TASK DATA:
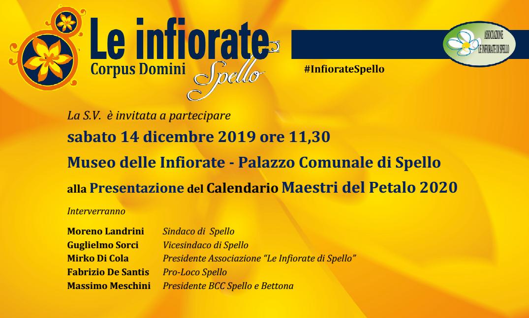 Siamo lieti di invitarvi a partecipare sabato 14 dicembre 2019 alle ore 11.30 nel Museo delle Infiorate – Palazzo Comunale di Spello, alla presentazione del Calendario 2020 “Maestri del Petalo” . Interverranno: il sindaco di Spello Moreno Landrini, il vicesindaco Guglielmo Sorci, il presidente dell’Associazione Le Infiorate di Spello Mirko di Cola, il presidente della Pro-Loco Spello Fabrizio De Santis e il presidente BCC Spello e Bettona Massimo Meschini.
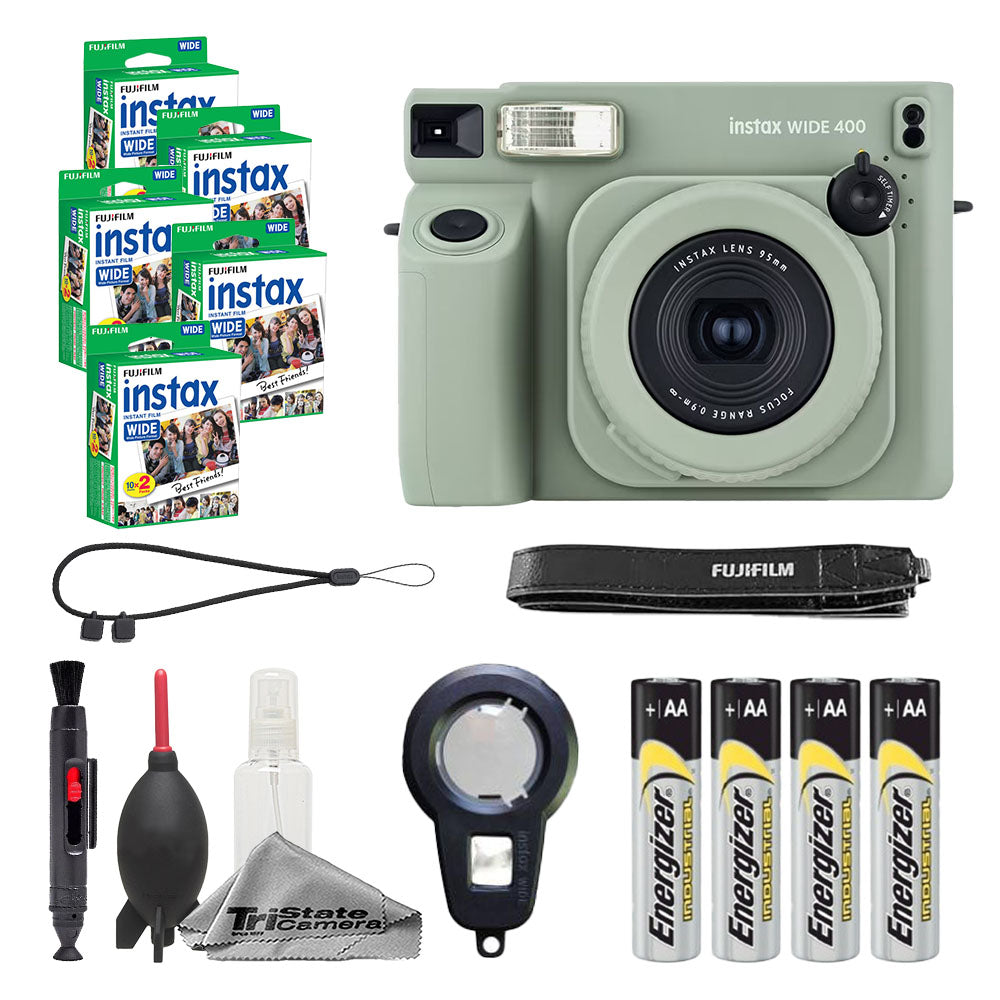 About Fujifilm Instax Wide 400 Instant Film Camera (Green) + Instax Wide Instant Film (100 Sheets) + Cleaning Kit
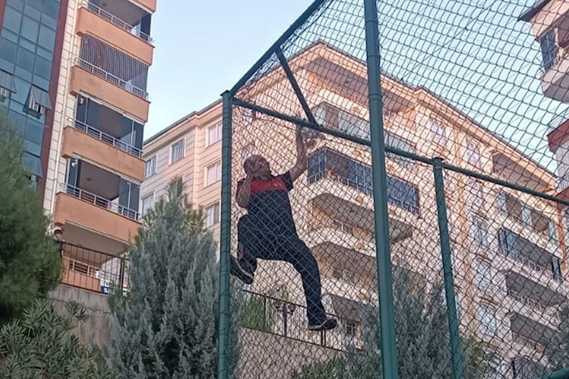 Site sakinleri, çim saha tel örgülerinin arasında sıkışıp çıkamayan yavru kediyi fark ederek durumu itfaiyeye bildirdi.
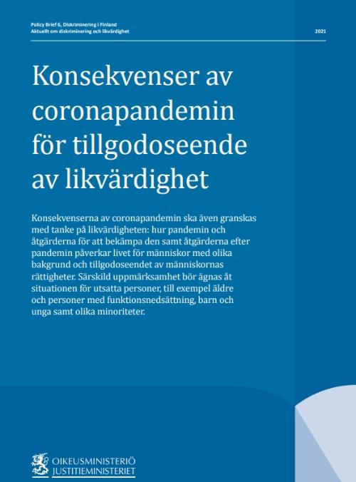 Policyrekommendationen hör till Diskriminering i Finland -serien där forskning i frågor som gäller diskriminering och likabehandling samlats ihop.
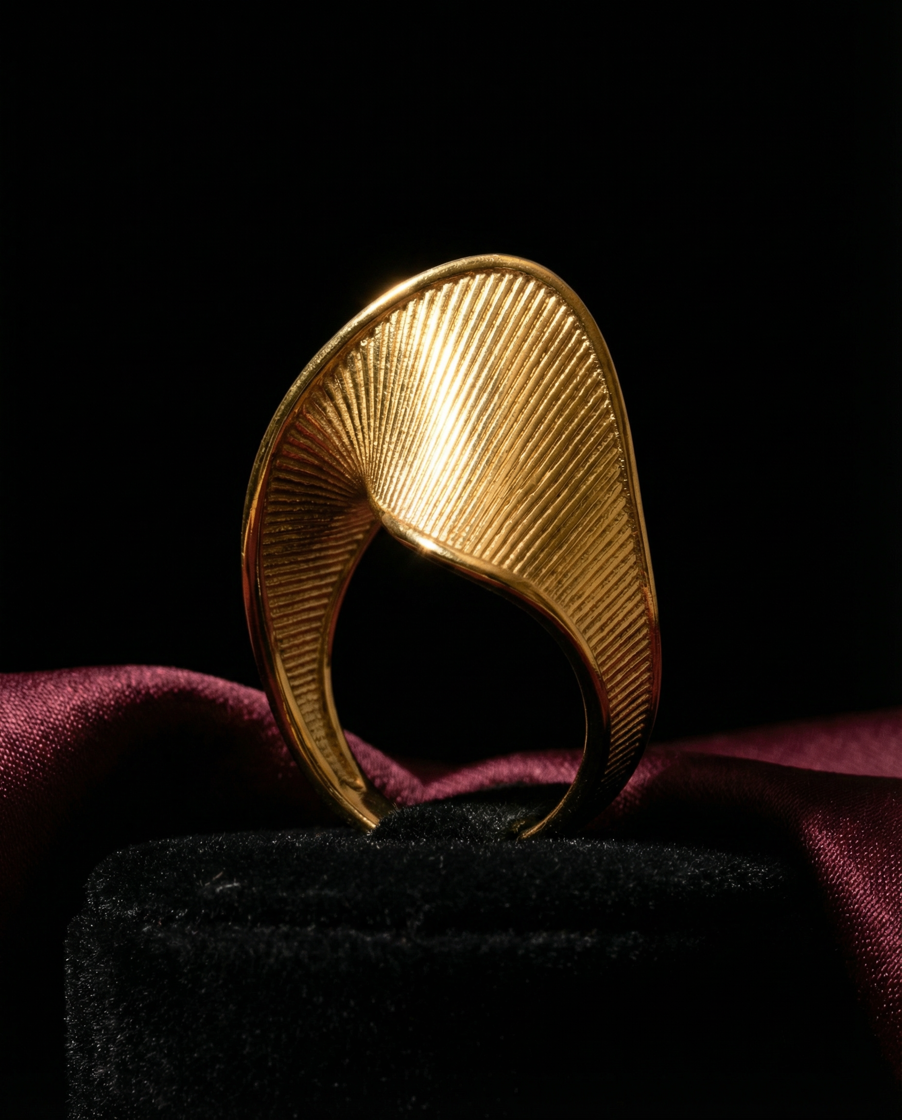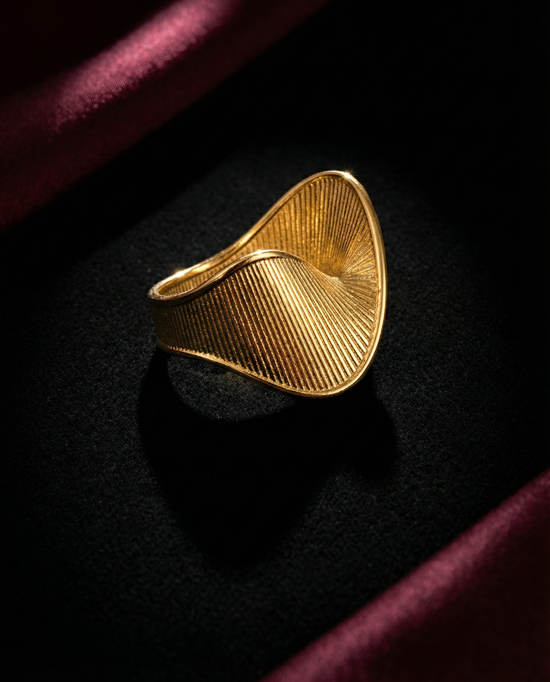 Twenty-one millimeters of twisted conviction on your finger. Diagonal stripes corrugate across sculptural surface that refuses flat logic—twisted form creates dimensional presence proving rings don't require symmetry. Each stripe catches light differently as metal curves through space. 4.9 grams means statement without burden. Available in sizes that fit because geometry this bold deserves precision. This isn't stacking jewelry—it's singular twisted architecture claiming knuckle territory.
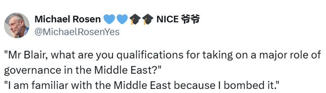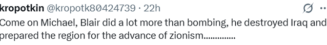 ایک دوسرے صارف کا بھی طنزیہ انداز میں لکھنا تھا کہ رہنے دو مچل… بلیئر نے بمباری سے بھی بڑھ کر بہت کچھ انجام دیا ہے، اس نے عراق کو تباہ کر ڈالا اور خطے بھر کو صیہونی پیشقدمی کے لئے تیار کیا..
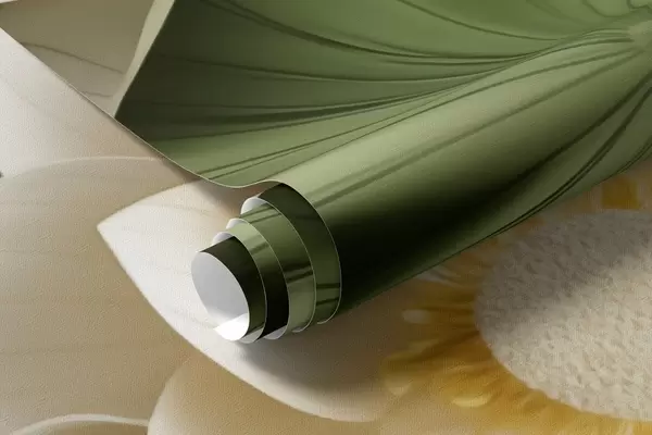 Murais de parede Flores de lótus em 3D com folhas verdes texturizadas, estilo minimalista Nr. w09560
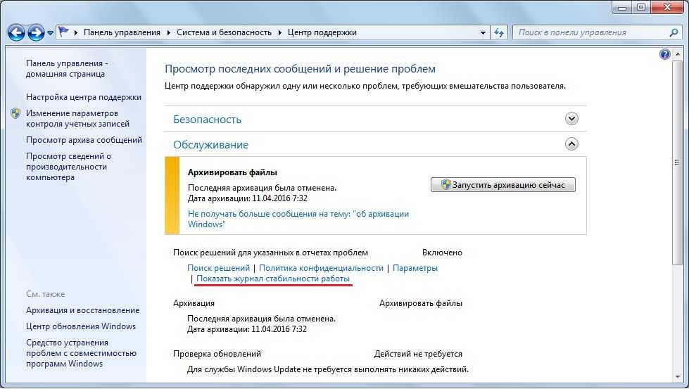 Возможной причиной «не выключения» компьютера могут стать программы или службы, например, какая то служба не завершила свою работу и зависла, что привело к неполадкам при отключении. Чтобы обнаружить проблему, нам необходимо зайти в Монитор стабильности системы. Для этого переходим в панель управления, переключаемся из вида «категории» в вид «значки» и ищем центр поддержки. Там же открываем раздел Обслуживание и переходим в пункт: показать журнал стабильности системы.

TASK INSTRUCTIONS:
Give an exact copy of the listing above that leaves out every picture.

REPLY TO THE TASK:
 Siamo lieti di invitarvi a partecipare sabato 14 dicembre 2019 alle ore 11.30 nel Museo delle Infiorate – Palazzo Comunale di Spello, alla presentazione del Calendario 2020 “Maestri del Petalo” . Interverranno: il sindaco di Spello Moreno Landrini, il vicesindaco Guglielmo Sorci, il presidente dell’Associazione Le Infiorate di Spello Mirko di Cola, il presidente della Pro-Loco Spello Fabrizio De Santis e il presidente BCC Spello e Bettona Massimo Meschini.
 About Fujifilm Instax Wide 400 Instant Film Camera (Green) + Instax Wide Instant Film (100 Sheets) + Cleaning Kit
 Site sakinleri, çim saha tel örgülerinin arasında sıkışıp çıkamayan yavru kediyi fark ederek durumu itfaiyeye bildirdi.
 Policyrekommendationen hör till Diskriminering i Finland -serien där forskning i frågor som gäller diskriminering och likabehandling samlats ihop.
 Twenty-one millimeters of twisted conviction on your finger. Diagonal stripes corrugate across sculptural surface that refuses flat logic—twisted form creates dimensional presence proving rings don't require symmetry. Each stripe catches light differently as metal curves through space. 4.9 grams means statement without burden. Available in sizes that fit because geometry this bold deserves precision. This isn't stacking jewelry—it's singular twisted architecture claiming knuckle territory.
 ایک دوسرے صارف کا بھی طنزیہ انداز میں لکھنا تھا کہ رہنے دو مچل… بلیئر نے بمباری سے بھی بڑھ کر بہت کچھ انجام دیا ہے، اس نے عراق کو تباہ کر ڈالا اور خطے بھر کو صیہونی پیشقدمی کے لئے تیار کیا..
 Murais de parede Flores de lótus em 3D com folhas verdes texturizadas, estilo minimalista Nr. w09560
 Возможной причиной «не выключения» компьютера могут стать программы или службы, например, какая то служба не завершила свою работу и зависла, что привело к неполадкам при отключении. Чтобы обнаружить проблему, нам необходимо зайти в Монитор стабильности системы. Для этого переходим в панель управления, переключаемся из вида «категории» в вид «значки» и ищем центр поддержки. Там же открываем раздел Обслуживание и переходим в пункт: показать журнал стабильности системы.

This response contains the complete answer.